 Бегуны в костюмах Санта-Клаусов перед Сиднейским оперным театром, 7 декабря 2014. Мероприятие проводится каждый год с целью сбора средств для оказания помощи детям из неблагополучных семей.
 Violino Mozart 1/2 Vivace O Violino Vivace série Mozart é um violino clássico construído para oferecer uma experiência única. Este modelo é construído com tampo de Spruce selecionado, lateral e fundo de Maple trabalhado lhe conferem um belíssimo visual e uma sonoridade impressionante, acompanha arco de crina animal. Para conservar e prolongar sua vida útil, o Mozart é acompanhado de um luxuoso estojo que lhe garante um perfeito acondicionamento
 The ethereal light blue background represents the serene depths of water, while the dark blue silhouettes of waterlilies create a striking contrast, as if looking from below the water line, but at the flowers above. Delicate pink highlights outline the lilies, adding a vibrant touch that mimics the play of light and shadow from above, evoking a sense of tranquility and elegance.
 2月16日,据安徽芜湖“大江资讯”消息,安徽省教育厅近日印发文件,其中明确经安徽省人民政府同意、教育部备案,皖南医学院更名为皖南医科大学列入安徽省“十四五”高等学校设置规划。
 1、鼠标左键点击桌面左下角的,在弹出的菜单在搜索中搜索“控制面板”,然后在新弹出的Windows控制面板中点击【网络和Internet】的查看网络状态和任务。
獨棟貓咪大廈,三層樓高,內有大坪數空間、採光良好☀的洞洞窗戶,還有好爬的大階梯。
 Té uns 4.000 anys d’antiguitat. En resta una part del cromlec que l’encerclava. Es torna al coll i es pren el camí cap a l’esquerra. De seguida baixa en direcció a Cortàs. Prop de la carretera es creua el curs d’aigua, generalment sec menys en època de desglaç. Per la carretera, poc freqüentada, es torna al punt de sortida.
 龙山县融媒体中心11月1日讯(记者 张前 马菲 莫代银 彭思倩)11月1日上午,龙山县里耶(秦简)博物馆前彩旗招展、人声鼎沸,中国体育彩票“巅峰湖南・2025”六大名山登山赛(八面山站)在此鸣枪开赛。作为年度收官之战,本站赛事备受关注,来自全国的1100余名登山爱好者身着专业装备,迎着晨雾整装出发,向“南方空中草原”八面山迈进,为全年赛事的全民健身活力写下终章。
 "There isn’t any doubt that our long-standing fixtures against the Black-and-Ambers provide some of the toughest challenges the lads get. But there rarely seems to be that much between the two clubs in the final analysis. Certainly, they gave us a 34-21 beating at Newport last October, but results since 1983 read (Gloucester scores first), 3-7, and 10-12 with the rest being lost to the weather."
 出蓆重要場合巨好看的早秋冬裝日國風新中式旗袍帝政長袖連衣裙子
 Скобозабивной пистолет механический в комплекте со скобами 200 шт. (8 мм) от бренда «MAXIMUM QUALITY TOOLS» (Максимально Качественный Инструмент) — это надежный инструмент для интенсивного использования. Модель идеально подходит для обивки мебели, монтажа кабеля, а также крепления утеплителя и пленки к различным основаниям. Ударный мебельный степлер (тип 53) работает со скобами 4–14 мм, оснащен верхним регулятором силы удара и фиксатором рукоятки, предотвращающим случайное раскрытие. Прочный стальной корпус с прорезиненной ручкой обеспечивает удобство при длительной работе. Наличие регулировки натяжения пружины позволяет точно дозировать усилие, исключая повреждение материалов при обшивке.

# # # #

PROBLEM TO WORK ON | Only the lines from the one with "Té uns 4.000" through the last line of the material above are to be duplicated, exactly and with both ends kept.

TASK RESPONSE |
 Té uns 4.000 anys d’antiguitat. En resta una part del cromlec que l’encerclava. Es torna al coll i es pren el camí cap a l’esquerra. De seguida baixa en direcció a Cortàs. Prop de la carretera es creua el curs d’aigua, generalment sec menys en època de desglaç. Per la carretera, poc freqüentada, es torna al punt de sortida.
 龙山县融媒体中心11月1日讯(记者 张前 马菲 莫代银 彭思倩)11月1日上午,龙山县里耶(秦简)博物馆前彩旗招展、人声鼎沸,中国体育彩票“巅峰湖南・2025”六大名山登山赛(八面山站)在此鸣枪开赛。作为年度收官之战,本站赛事备受关注,来自全国的1100余名登山爱好者身着专业装备,迎着晨雾整装出发,向“南方空中草原”八面山迈进,为全年赛事的全民健身活力写下终章。
 "There isn’t any doubt that our long-standing fixtures against the Black-and-Ambers provide some of the toughest challenges the lads get. But there rarely seems to be that much between the two clubs in the final analysis. Certainly, they gave us a 34-21 beating at Newport last October, but results since 1983 read (Gloucester scores first), 3-7, and 10-12 with the rest being lost to the weather."
 出蓆重要場合巨好看的早秋冬裝日國風新中式旗袍帝政長袖連衣裙子
 Скобозабивной пистолет механический в комплекте со скобами 200 шт. (8 мм) от бренда «MAXIMUM QUALITY TOOLS» (Максимально Качественный Инструмент) — это надежный инструмент для интенсивного использования. Модель идеально подходит для обивки мебели, монтажа кабеля, а также крепления утеплителя и пленки к различным основаниям. Ударный мебельный степлер (тип 53) работает со скобами 4–14 мм, оснащен верхним регулятором силы удара и фиксатором рукоятки, предотвращающим случайное раскрытие. Прочный стальной корпус с прорезиненной ручкой обеспечивает удобство при длительной работе. Наличие регулировки натяжения пружины позволяет точно дозировать усилие, исключая повреждение материалов при обшивке.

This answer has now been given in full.